The purpose of this article is to take a trained model and have it communicate with an application's backend server through an API in a local environment.
All the code snippets in this blog post can be found in the mlseries repository on my Github.
Note that the code snippets in this post are built on top of the previous article where I did a walk-through of a basic machine learning project's structure.

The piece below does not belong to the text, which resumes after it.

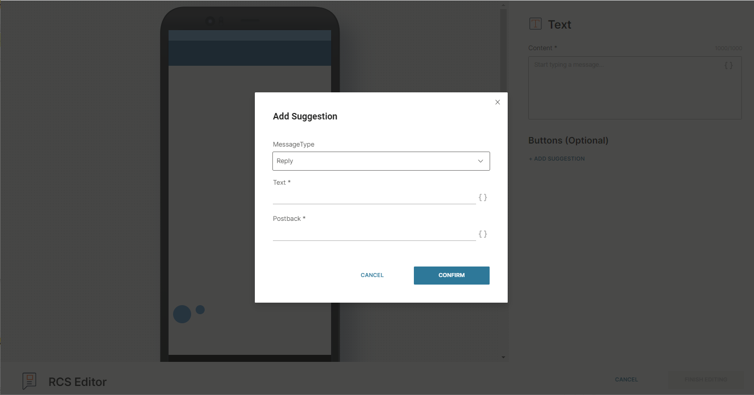 To add a placeholder, select the curly brackets {} icon in the field. Select the relevant placeholder from the list.

Below is a tree illustration of all the directories inside the repository:


├── README.md
├── deploy
│   ├── Dockerfile.ml.local
│   ├── Dockerfile.sent_ml
│   ├── Dockerfile.server
│   ├── Dockerfile.server.local
│   └── docker-compose.local.yml
├── integration_tests
├── ml
│   ├── Dockerfile
│   ├── conftest.py
│   ├── data
│   │   ├── reviews.tsv
│   │   ├── test_data.parquet
│   │   └── train_data.parquet
│   ├── docker-compose.yml
│   ├── dvc.lock
│   ├── dvc.yaml
│   ├── entities
│   │   └── review.py
│   ├── metrics
│   │   └── model_performance.json
│   ├── ml_main.py
│   ├── model
│   │   └── lr.model
│   ├── model_params.py
│   ├── prepare_data
│   │   ├── __main__.py
│   │   └── config.py
│   ├── requirements.txt
│   ├── services
│   │   └── predict.py
│   ├── test
│   │   ├── __main__.py
│   │   └── config.py
│   ├── tests
│   │   ├── integration_tests
│   │   │   └── test_ml_main.py
│   │   └── unittests
│   │       ├── prepare_data
│   │       │   └── test_prepare_data.py
│   │       ├── services
│   │       │   └── test_predict.py
│   │       └── train
│   │           └── test_train.py
│   ├── train
│   │   ├── __main__.py
│   │   └── config.py
│   ├── training_testing_pipeline.sh
│   └── utils
│       └── config.py
├── pytest.ini
├── server
│   ├── config.py
│   ├── conftest.py
│   ├── entities
│   │   └── review.py
│   ├── requirements.txt
│   ├── server_main.py
│   ├── tests
│   │   └── integration_tests
│   │       └── test_server_main.py
│   └── utils
│       └── logger
├── shared_utils
│   ├── logger
│   │   └── __init__.py
│   └── unittest
│       └── utils
│           └── logger
│               └── __init__.py
└── tasks.py

The Architecture

The figure below illustrates the architecture of a simple web application. There are three containers, the server container, the machine learning container and the front-end container. The server is the core of the application. Think of it as the brain of the app. The machine learning container exposes the model to the rest of the application. It can receive and send back information to the server. The front-end container includes any user interface-related code.
Note that I will not be covering the UI container as it does not directly interact with the ML container.
Docker compose is used to create and run all the containers together.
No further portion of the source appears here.